Through it all, I learned so much. About so much. From the 4 year experience but also because my Dad was actively teaching and training me up. I was a matriarch in the making you could say. Learning in real time about the healthcare system, how to navigate it, it's inefficiencies and what it really means to advocate and care for someone you love. I learned about stewardship, about end-of-life care and planning, about family tradition & values, about inherited responsibility, about all the moving parts that make up both legacy building and preservation.
Learning from my father's story, the things he had in place and the things he didn't. The areas where we had time to prepare and the ones where we didn't. The stories that needed to be preserved, the lessons that needed to be written down. The shoulda, coulda, woulda's and regrets and apologies. Every detail, every moment, every conversation became a masterclass in legacy.
Family Legacy
As he'd tell our family's history, I started to see the bigger picture, not just of my father's life, but of my family's lineage. I began noticing the through-line of stewardship in our story: the land we've owned for generations, how every era had someone who tilled, someone who planted, someone who carried the weight of keeping it all alive.
Farming isn't just part of our history, it's society's teacher. Watching how the land has been cared for over 150 years taught me what generational legacy really is: sowing, nurturing, protecting, harvesting, and trusting that what you plant will feed generations you'll never meet.
That perspective awakened a deeper passion in me.
A hunger to study, to learn, to teach, to build community.
To study family, both enterprising and not. To explore economic empowerment through the lens of family and the systems that shape opportunity.
To learn how culture, values, and heritage contribute to the growth and sustainability of a family.
To develop and teach frameworks and infrastructure that help guide us forward.
But In the Room with Legacy isn't all about what I've learned, it's about what we can learn together.

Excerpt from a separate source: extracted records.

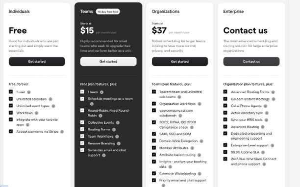 • Security and Compliance: Cal.ai is built with user privacy in mind, offering self-hosting options and compliance with standards like SOC 2, GDPR, and HIPAA.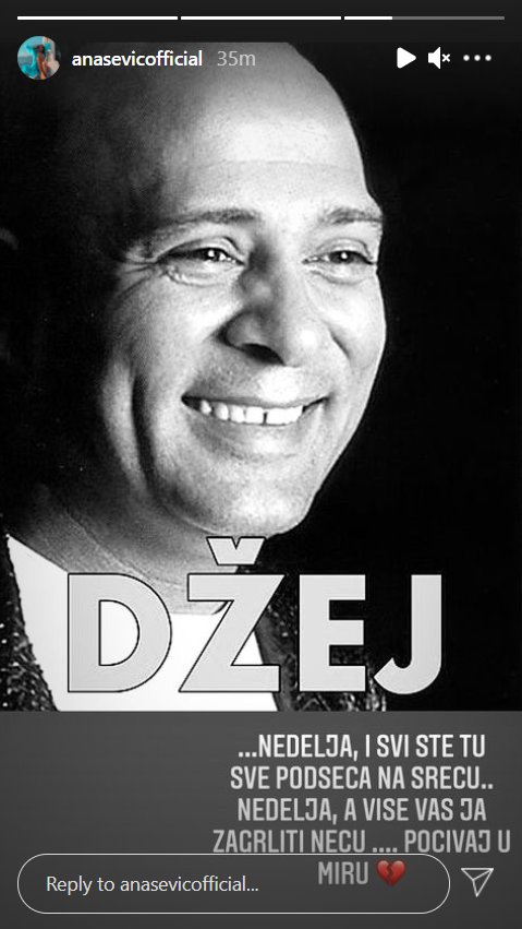 Nedelja, a više vas ja zagrliti neću… Upravo sam saznala da je zauvek prestalo da kuca veliko srce našeg Džeja. Baš u nedelju. Daleko negde sad, na put bez povratka, naš sin se spremio i otišao. Nek ti je blistav i svetao taj put, dragi kolega. I neka ti je laka zemlja i večnost. Iskreno saučešće porodici, prijateljima i svima koji su ga voleli. Ana i Milutin – napisala je pevačica.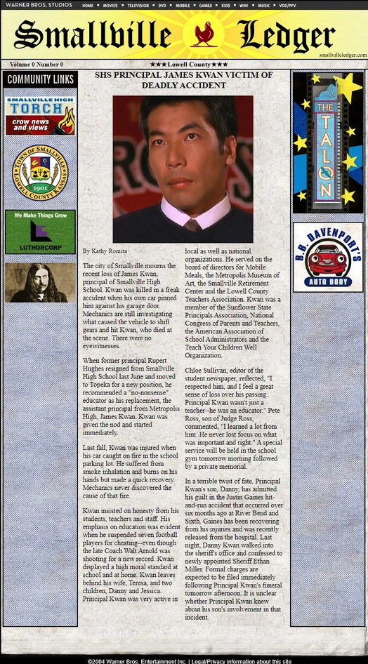 Principal James Kwan was Smallville High School's principal from June 2001- Spring 2002 until his death.

This is a collective effort. A living, breathing hub of knowledge, experience, and expertise.
We'll be learning from elders, advisors, builders, scholars, and everyday people who've done the work, people who are living this in real time.
It's a community rooted in collaboration because legacy is a shared practice. None of us can build it alone.
So that's what this is.
A home for those of us building with heart.
A movement for those who understand that family is the foundation of everything.
A gathering place for the dreamers, the doers, the descendants, and the builders.
We're creating this slowly, brick by brick, because love doesn't rush, and legacy takes its time.
Every story shared, every program offered, every tool created is made with care.
My hope is that you feel held here. That something in these words reminds you of home. Of your people, your purpose, your power.
Thank you for being here, for believing in what's possible, and for joining me in this sacred work of remembering and becoming.